Arquivo Paulo Mendes Campos / Acervo IMS

Arquivo Paulo Mendes Campos / Acervo IMS

 

Palavra e silêncio

Paulo Mendes Campos

Se disser que não gosto de oratória, só poderá parecer ressentimento, pois minha carreira de orador oficial do grêmio literário do colégio não durou nada. As raras tentativas que fiz de improvisar arengas não chegaram a desasnar-me. Entre aquilo que eu pensava e as palavras que se articulavam em minha boca não se estabelecia a menor corrente lógica. Um belo dia, finalmente, ao pronunciar, sem querer, a palavra polimorfo (grande demais para o meu tamanho) causei tanta hilaridade entre os colegas que resolvi encerrar esse meu breve e frustro expediente oratório. Mais tarde, disse a mim mesmo que me faltava por completo o estímulo prolatório – e fiquei consolado ao achar esse rótulo bonito para a minha falha.

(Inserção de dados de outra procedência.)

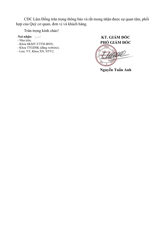 Thông báo triển khai, thực hiện thu phí dịch vụ kiểm dịch Y tế biên giới tại các cửa khẩu đường bộ (Bu Prăng, Đắk Peur) trên địa bàn tỉnh Lâm Đồng

Ressentimento ou não, passei a observar acuradamente o Homo loquens¹. Concluí com simplicidade que os oradores se dividem em duas categorias bem distintas: há homens (raros) capazes de expor fluentemente em público as suas ideias, sem apelar para os efeitos de garganta ou gesticulacão; há outros que disfarçam a ausência de ideias por meio de entonações, inflexões, gestos. Os primeiros são honestos; os segundos são farsantes. Entendi ainda, inversamente ao que se diz, que a boa oratória é aquela que se conserva boa quando escrita, e a má é a que perde todo o brilho no papel. Não que negue qualidades especiais ao orador mau, retórico e vazio; pelo contrário, é justamente por causa dessas virtudes de prestidigitação que podemos e devemos arguí-lo de amoralidade ou imoralidade. Prestigiar uma arte cuja virtude mais forte reside na habilidade em enganar-me é fazer o papel de bobo. Por isso, louvo e invejo aqueles que sabem desenvolver um tema diante dos outros na proporção em que dispensem os recursos tradicionais da oratória.

Neste mundo, que se complica dia a dia, precisamos ser simples e diretos; precisamos ser esclarecidos, e não persuadidos emocionalmente.

Há muitas coisas que a gente fala seriamente, mas todos pensam que é brincadeira. De minha parte sustento, por exemplo, que deviam existir conventos leigos, subvencionados pelo estado, onde a gente pudesse curar-se da sufocante atmosfera de palavras em que vive. A vida é oratória demais.

Coisa simplíssima como os verdadeiros hotéis de monges. Mobílias elementares, refeições frugais, um jardim com repuxo, celas desnudas e, acima de tudo, lei obrigatória do silêncio. Visitas proibidas. Máquinas modernas banidas. Luz de lampião. Nenhum livro.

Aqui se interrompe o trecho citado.